Sadika tells me that she looks forward and enjoys her lunch which is always healthy and filling without slowing her down.

She says she has learned to reduce the proportion of carbohydrates in her meals and has increased the amount of fish and vegetables she eats. She makes sure to include a source of vitamin C in her lunch and follows her meal with an iron folate (IFA) tablet which is provided as a service by the government and has been made readily available to everyone. staff by GAIN.

“We consider it our duty to ensure a healthy life for our workers,” says SM Khaled, Managing Director of Snowtex. “That’s why we came up with the plan to provide a quality lunch. If they eat healthy, they stay in shape, which benefits both the workers and the company.

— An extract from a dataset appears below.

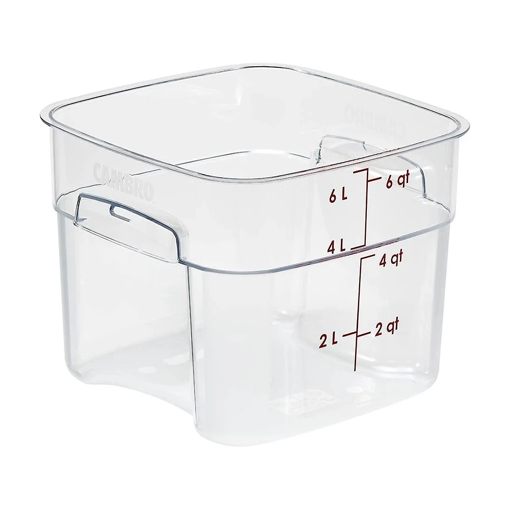 You will love the new CamSquares® FreshPro Series Food Storage Containers from Cambro®. These containers are made from durable Camwear® and feature molded-in, recessed handles so the containers take up less space than traditional storage options. The FreshPro’s curved corners and textured grip enable safer, four-sided pouring and easier handling.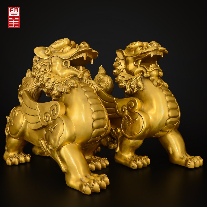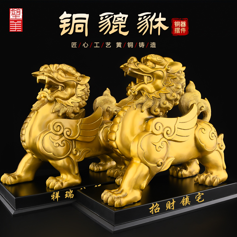 铜貔貅摆件一h对公母招旺客厅办公室财铜制黄铜霸王皮丘带底座大

There is a broad evidence base to support the hypothesis that anemia negatively impacts job performance, while iron intervention can positively impact worker productivity. According to an independent study commissioned by GAIN, the comprehensive package of interventions implemented under the SWAPNO project has the potential to improve anemia rates by up to 32%.

Health investments in factories like Snowtex are paying dividends in the form of increased productivity, better quality products, lower sick days and improved employee morale.

“I may not make a lot of money, but now I know how to stay healthy,” says Sadika, sharing some of the ways the SWAPNO project has changed her eating habits and, by extension, her life.

“I always include a seasonal fruit on my shopping list…I know how much of each nutrient I should buy and eat…I try to educate my family on how to live a better life… This for me is priceless.”